Aside from obvious ethical issues, the following article on experimental IVM -- a new method used to mature oocytes in vitro for IVF "fertility treatments" -- quotes erroneous human embryology:
"During each monthly menstrual cycle, one egg becomes dominant, accumulates fluid in its sac, and breaks out. About 34 hours before it escapes, the egg gets a hormonal signal to jettison half the chromosomes in its nucleus - just in case a sperm comes along to replace the lost genetic material." [emphases added]
Where the article obtained such scientific mis-information -- that diploid oocytes become haploid by some "hormonal signal" while still maturing in the ovary -- is speculative, but it does raise the question again as to whether or not these IVF/IVM researchers and clinicians are academically credentialed in human embryology and human genetics, and thus really know what they are doing.

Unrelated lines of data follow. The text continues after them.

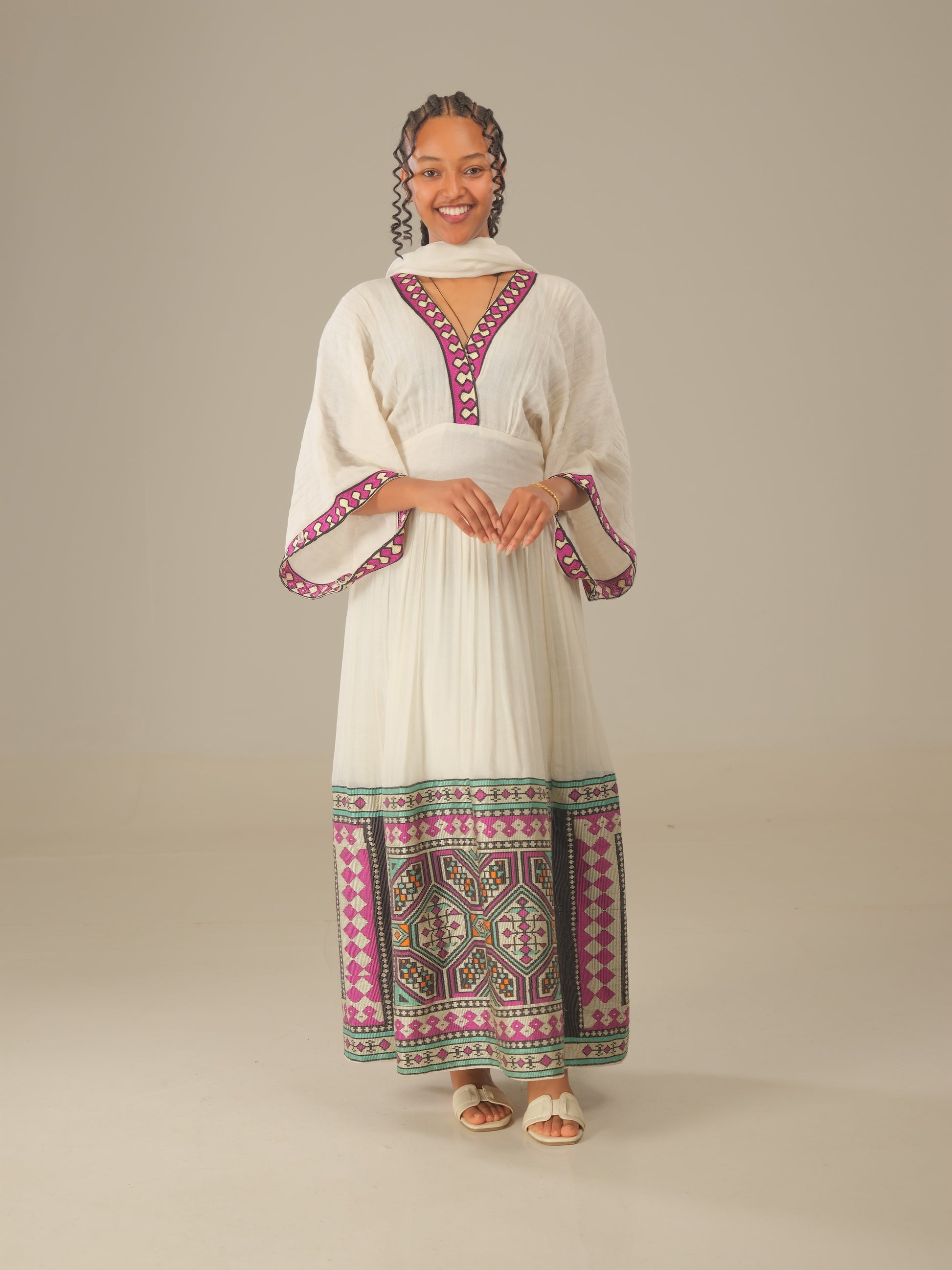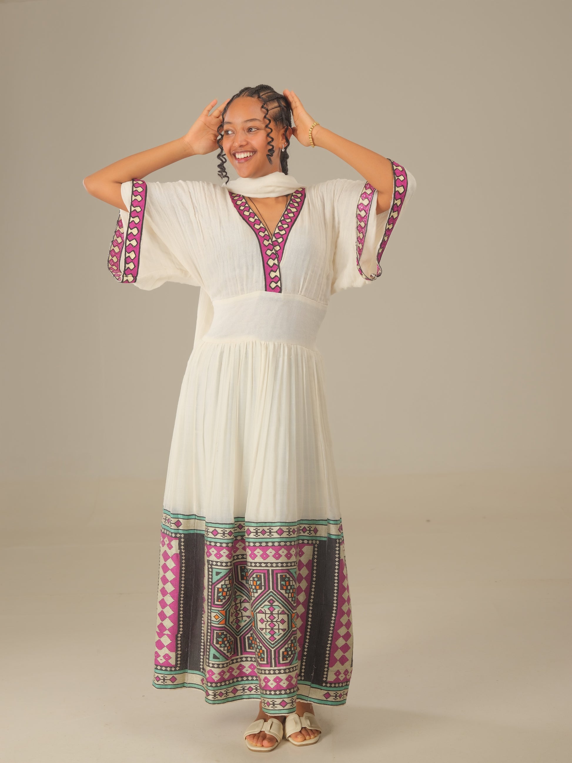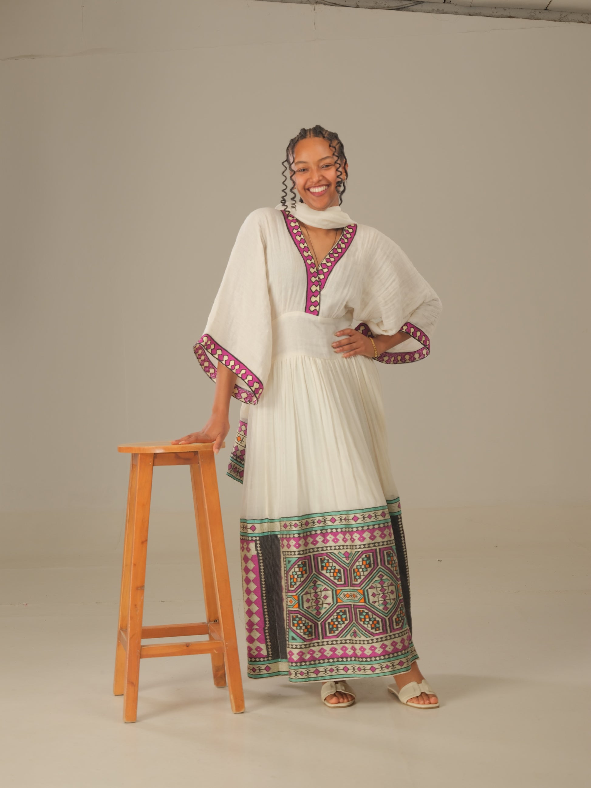 Experience the regal elegance of the Royal Blue with Purple Tibeb & Embroidery Habesha Dress, a stunning embodiment of Ethiopian tradition and luxury. The deep royal blue fabric, paired with rich purple tibeb and intricate embroidery, exudes sophistication and grace. Handwoven with meticulous care, this dress reflects the timeless beauty of Ethiopian craftsmanship. Perfect for weddings, cultural events, or any special occasion, it makes a bold statement while honoring Ethiopia’s rich cultural heritage.
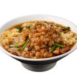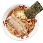 衝撃の新ジャンル“スタミナ満点ソバ(スタ満)”の元祖。背脂の甘みと豚肉の旨みに、ニンニクの香りと醤油の濃厚さが加わったスープのパンチ力はまさにヘビー級。コシの強い自家製極太麺とのバランスも見事だ。
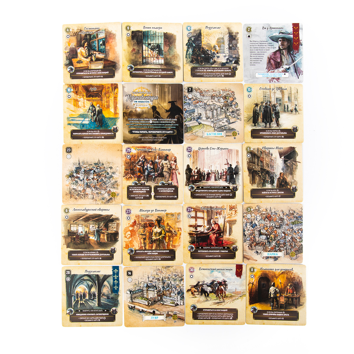 70 квадратных карт с иллюстрациями, текстом сцен и указаниями переходов
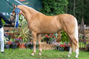 De palomino Keizerskroon Highlight (Pippin’s Pride A.T. x Verona’s Bo-Gi) is van fokker A. de Graaf-Spruijt uit Strijen. De stermerrie is gedekt door Nieuwmoed’s Mister Right. “Een talentvolle pony. Netjes voorgesteld”, was het commentaar van de jury.

In human embryology, "diploid" means the cell contains "46" chromosomes; "haploid" means the cell contains "23" chromosomes. In fact, immature germ line cells (both female and male) are diploid (not haploid) until the last period of their growth and development. Both must pass through two stages of meiosis (meiosis 1 and meiosis 2) before the number of chromosomes in the cell is halved. Spermatogonia are diploid until their last weeks of maturity; and primary oocytes remain diploid until and unless they are fertilized by a sperm (otherwise, they die as diploid). Amazingly, in maturing oocytes, meiosis 1 and meiosis 2 can take up to 50 years and, again, they finally become haploid only if they are fertilized. This can be verified in any human embryology text book. In the passages below, "primary" means diploid; "secondary" means haploid:
Gametogenesis is the production of [gametes], i.e., spermatozoa and oocytes. These cells are produced in the gonads, i.e., the testes and ovaries respectively. ... During the differentiation of gametes, diploid cells (those with a double set of chromosomes, as found in somatic cells [46 chromosomes]) are termed primary, and haploid cells (those with a single set of chromosomes [23 chromosomes]) are called secondary. The reduction of chromosomal number ... from 46 (the diploid number or 2n) to 23 (the haploid number or n) is accomplished by a cellular division termed meiosis. ... Spermatogenesis, the production of spermatozoa, continues from immediately after puberty until old age. It takes place in the testis, which is also an endocrine gland, the interstitial cells of which secrete testosterone. Previous to puberty, spermatogonia in the simiferous tubules of the testis remain relatively inactive. After puberty, under stimulation from the interstitial cells, spermatogonia proliferate ... and some become primary spermatocytes. When these undergo their first maturation division (meiosis 1), they become secondary spermatocytes. The second maturation division (meiosis 2) results in spermatids, which become converted into spermatozoa.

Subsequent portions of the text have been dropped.